Representation of normalised relative concentrations of putative biomarkers across varieties in a heatmap shows that the trend in data is organised in three clusters as confirmed by K-means clustering (Fig 4). Two main clusters 2 and 3 showing reciprocal accumulation of metabolites between the WF-S varieties Sagonja (MAL5) and Kalawe (MAL6) and the WF-R varieties Mkumba (TZ3), Albert (TZ6) and Nase 18 (UG4). In cluster number 1, the WF-R line Nase 18 (UG4) presented a number of metabolites with similar levels as WF-S variety Sagonja (MAL5). Some of the chemical features identified as putative chemical markers were characterized by tandem mass spectrometry and accurate mass as malate esters of p-coumaric acid and caffeic acid and neochlorogenic acid (S2 File). These compounds have been previously identified to be involved in the resistance mechanism of South American cassava ECU72 challenged with the South American whitefly Aleurotrachelus socialis Bondar [19].

thumbnail
Fig 4.

Putative markers extracted from the loadings S-plot, (A) heatmap and (B) K-means clustering of the WF-R and WF-S classes.
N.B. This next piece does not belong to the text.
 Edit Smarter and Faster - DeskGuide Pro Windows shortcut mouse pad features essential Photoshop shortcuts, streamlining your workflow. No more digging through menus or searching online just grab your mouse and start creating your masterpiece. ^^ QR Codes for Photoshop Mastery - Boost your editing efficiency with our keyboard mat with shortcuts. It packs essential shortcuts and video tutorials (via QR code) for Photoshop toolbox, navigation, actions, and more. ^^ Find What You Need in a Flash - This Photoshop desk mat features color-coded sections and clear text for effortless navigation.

https://doi.org/10.1371/journal.pone.0242245.g004

Discussion

The natural variation at metabolite and genetic level of an East African cassava elite diversity panel is presented. Analysis of the chemical fingerprinting datasets indicated low natural variation (23%) compared to the variation found in other cassavas’ collections including both African and South American cultivars [33] where >50% and >30% was found in leaves collected in the fields and in vitro plantlets respectively. The high level of homology within the East African collection is consistent at both chemical and genetic level, which has been previously reported by [34]. In effect the data shows the robustness of using metabolomics as a classification tool. Capturing the representative metabolome, enables comparisons at the level of chemical composition which is often more representative of traits and more comprehensive than a limited number of DNA based markers.
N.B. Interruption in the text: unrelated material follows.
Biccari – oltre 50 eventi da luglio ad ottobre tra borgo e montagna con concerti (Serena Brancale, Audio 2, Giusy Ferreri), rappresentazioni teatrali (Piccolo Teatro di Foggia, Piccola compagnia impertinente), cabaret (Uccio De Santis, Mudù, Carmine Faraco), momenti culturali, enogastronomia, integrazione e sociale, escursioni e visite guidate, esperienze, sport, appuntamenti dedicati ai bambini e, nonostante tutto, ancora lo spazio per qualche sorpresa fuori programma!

Historical breeding efforts of African cassava, documented since in the 1930s [1, 8, 11, 13] suggests a high level of in-breeding probably resulting in scarce diversity in the current national stock collections and fields. Indeed, the most promising candidates within the 5CP collection, which represent a subset of national collections, as potential sources of both whitefly and disease resistance seem to be concentrated in the Ugandan and Tanzanian lines (Table 1) which are the ones presenting the highest level of duplication and homology. Although the pedigree of these candidate lines is unknown, the origins of some of the Ugandan collection can be found in the literature (S3 File), whilst Tanzanian cultivars may originate from similar ancestors, i.e., the “Amani hybrids” previously deployed to farmers and most likely bred/clonally propagated naturally over the years. Chemical distribution of East African varieties either in the PCA or dendrogram followed a geographical origin pattern and classification associated with either whitefly or virus resistance/susceptible phenotypes couldn’t be drawn. Instead a high level of similarity was found between phenotypically and even geographically distant varieties suggesting that probably the effect of adaptation to local agro-ecosystems on the plant’s metabolome dominate and mask both the whitefly and virus phenotype observed in the fields.

The variability introduced by environmental adaptation factors has likely to have an impact in defining the preference of whitefly adults for certain varieties or the symptoms developed under virus infection and therefore hindering/misleading the identification of true-to-type phenotype classes. This hypothesis/concern also arises when the list of potential biomarkers generated from the classification model (ultimately based on observed phenotype) is investigated further. Pair-wise comparison of the WF-R variety Nase 18 (UG4) and the susceptible Sagonja (MAL5) revealed higher similarity between them than comparison between Sagonja (MAL5) and Kalawe (MAL6), despite both Malawian lines being phenotyped as the most susceptible. Varieties UG4 (Nase 18) and MAL5 (Sagonja) presented a significant number of phenotypic biochemical markers displaying a similar pattern of accumulation in both lines.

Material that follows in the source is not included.